Government Rights. The Software, documentation and technology (“Protected Items”) are “Commercial products” as this term is defined at 48 C.F.R. 2.101, consisting of “commercial computer software” and “commercial computer software documentation” as such terms are used in, respectively, 48 C.F.R. 12.212 and 48 C.F.R. 227.7202 & 252.227-7014(a)(1). Before any Protected Items are supplied to the U.S. Government, you will (i) inform the U.S. Government in writing that the Protected Items are and must be treated as commercial computer software and commercial computer software documentation developed at private expense; (ii) inform the U.S. Government that the Protected Items are provided subject to the terms of the Agreement; and (iii) mark the Protected Items as commercial computer software and commercial computer software documentation developed at private expense. In no event will you permit the U.S. Government to acquire rights in Protected Items beyond those specified in 48 C.F.R. 52.227-19(b)(1)-(2) or 252.227-7013(c) except as expressly approved by NVIDIA in writing.
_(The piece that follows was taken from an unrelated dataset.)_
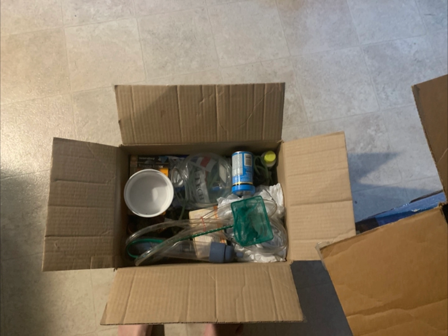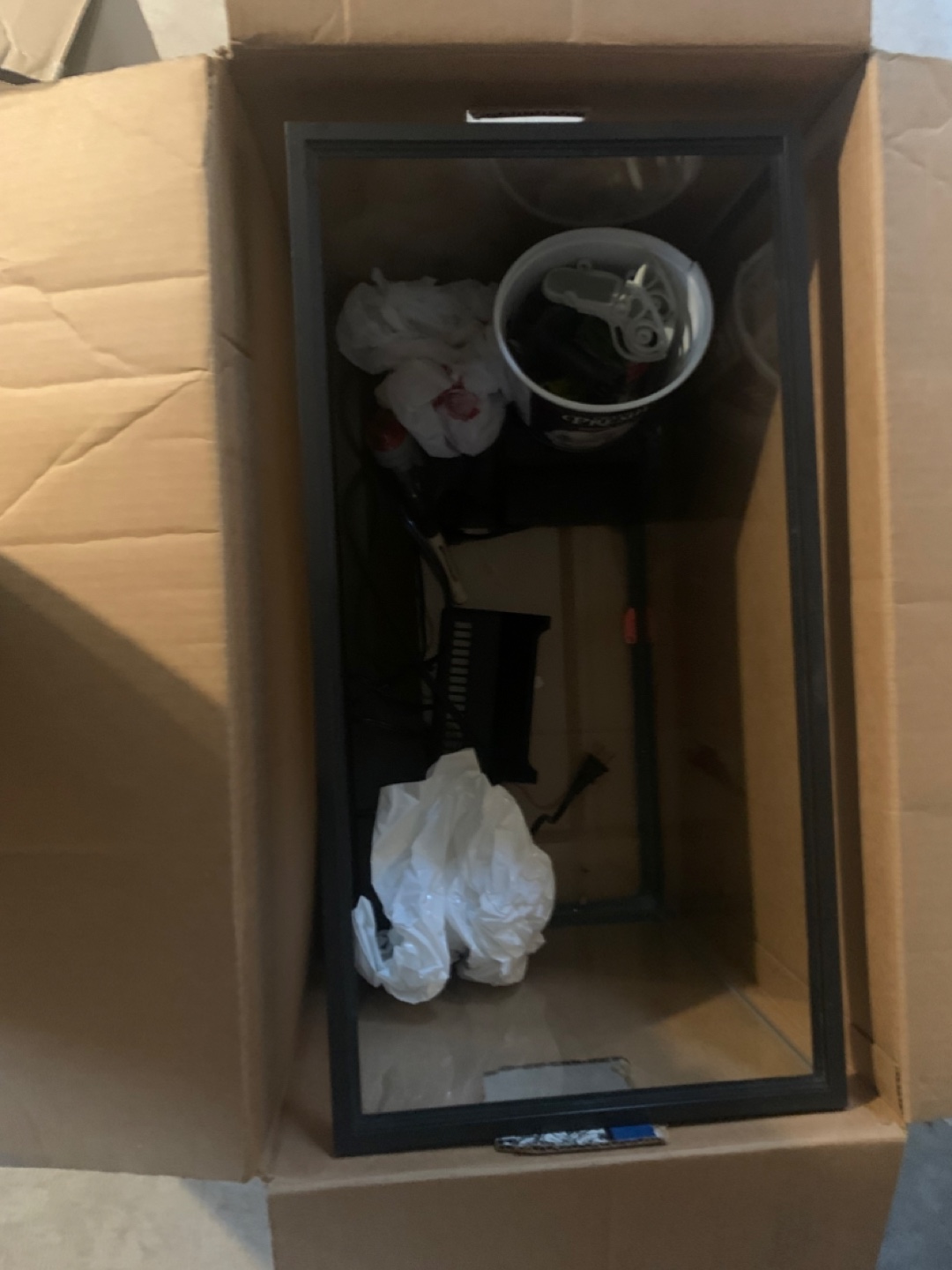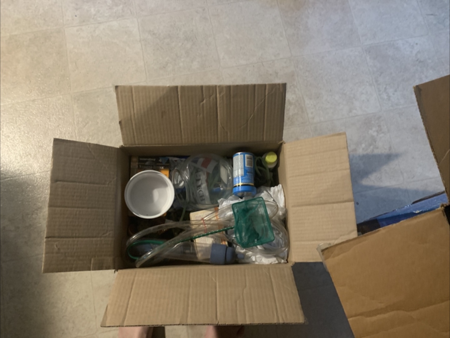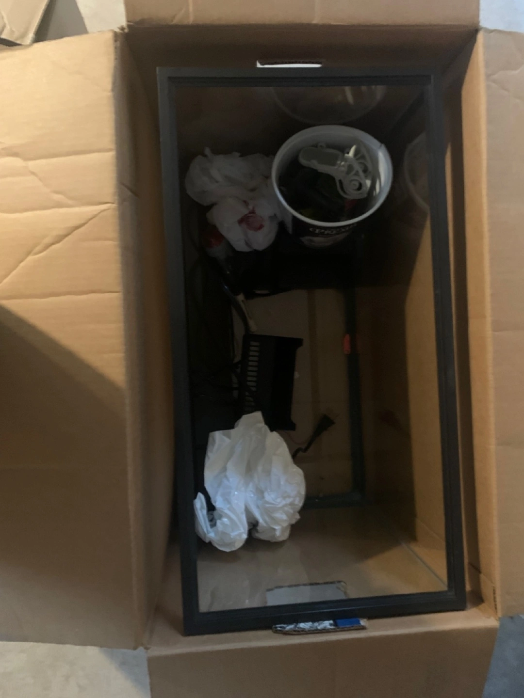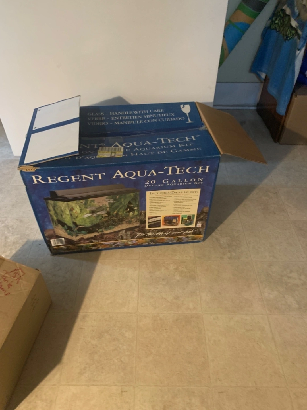 Here is a 20-gallon aquarium kit. The box contains a glass aquarium, accessories and the filter unit. It is perfect for a wide variety of fish to live peacefully. Gravel not included. Everything was in working order when put away.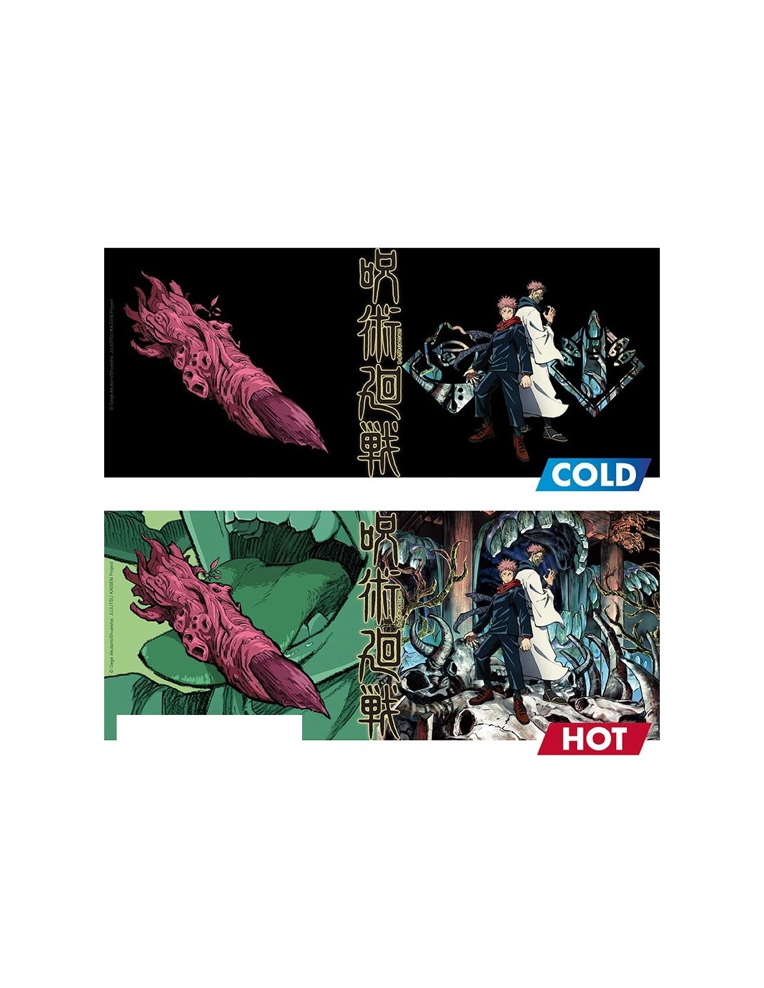 Cuando la taza está fría, solo se distingue la silueta de los protagonistas sobre un fondo oscuro. Sin embargo, al verter una bebida caliente, la magia se activa y se revela un impresionante arte en alta calidad, con detalles vibrantes que representan el conflicto entre Itadori y su alter ego maldito, Sukuna.

Notices. Please direct your legal notices or other correspondence to legalnotices@nvidia.com with a copy mailed to NVIDIA Corporation, 2788 San Tomas Expressway, Santa Clara, California 95051, United States of America, Attention: Legal Department. If NVIDIA needs to contact you, you consent to receive the notices by email and agree that such notices will satisfy any legal communication requirements.
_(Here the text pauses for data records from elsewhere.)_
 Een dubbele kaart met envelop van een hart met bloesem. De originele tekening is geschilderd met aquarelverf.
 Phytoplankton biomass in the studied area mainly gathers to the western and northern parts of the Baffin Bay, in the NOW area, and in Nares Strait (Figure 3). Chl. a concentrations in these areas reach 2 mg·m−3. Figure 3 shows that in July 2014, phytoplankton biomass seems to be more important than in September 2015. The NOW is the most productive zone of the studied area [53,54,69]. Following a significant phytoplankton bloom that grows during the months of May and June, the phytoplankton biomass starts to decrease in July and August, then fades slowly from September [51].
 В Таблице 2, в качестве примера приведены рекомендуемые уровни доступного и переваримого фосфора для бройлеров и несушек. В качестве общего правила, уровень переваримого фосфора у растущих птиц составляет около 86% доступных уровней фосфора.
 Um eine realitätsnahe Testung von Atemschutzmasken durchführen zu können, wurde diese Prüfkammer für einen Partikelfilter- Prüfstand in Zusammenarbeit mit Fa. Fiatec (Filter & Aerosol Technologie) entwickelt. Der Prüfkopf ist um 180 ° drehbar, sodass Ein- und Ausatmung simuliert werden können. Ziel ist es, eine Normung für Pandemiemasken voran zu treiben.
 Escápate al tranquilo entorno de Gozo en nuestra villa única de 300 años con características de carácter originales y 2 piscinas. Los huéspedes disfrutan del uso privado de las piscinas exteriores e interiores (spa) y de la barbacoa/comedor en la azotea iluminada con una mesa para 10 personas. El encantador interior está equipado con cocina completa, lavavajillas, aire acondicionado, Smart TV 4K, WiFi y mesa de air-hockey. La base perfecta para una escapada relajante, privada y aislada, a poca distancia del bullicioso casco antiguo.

Severability. If a court of competent jurisdiction rules that a provision of this Agreement is unenforceable, that provision will be deemed modified to the extent necessary to make it enforceable and the remainder of this Agreement will continue in full force and effect.
Construction. The headings in the Agreement are included solely for convenience and are not intended to affect the meaning or interpretation of the Agreement. As required by the context of the Agreement, the singular of a term includes the plural and vice versa.
Force Majeure. Neither party will be liable during any period where an event or circumstance prevents or delays that party from performing its obligations under this Agreement and that event or circumstance: (i) is not within the reasonable control of that party and is not the result of that party’s negligence, and (ii) cannot be overcome or avoided by that party using reasonably diligent efforts.
Amendment. Any amendment to this Agreement must be in writing and signed by authorized representatives of both parties.
Entire Agreement. Regarding the subject matter of this Agreement, the parties agree that (a) this Agreement constitutes the entire and exclusive agreement between the parties and supersedes all prior and contemporaneous communications and (b) any additional or different terms or conditions, whether contained in purchase orders, order acknowledgments, invoices or otherwise, will not be binding and are null and void.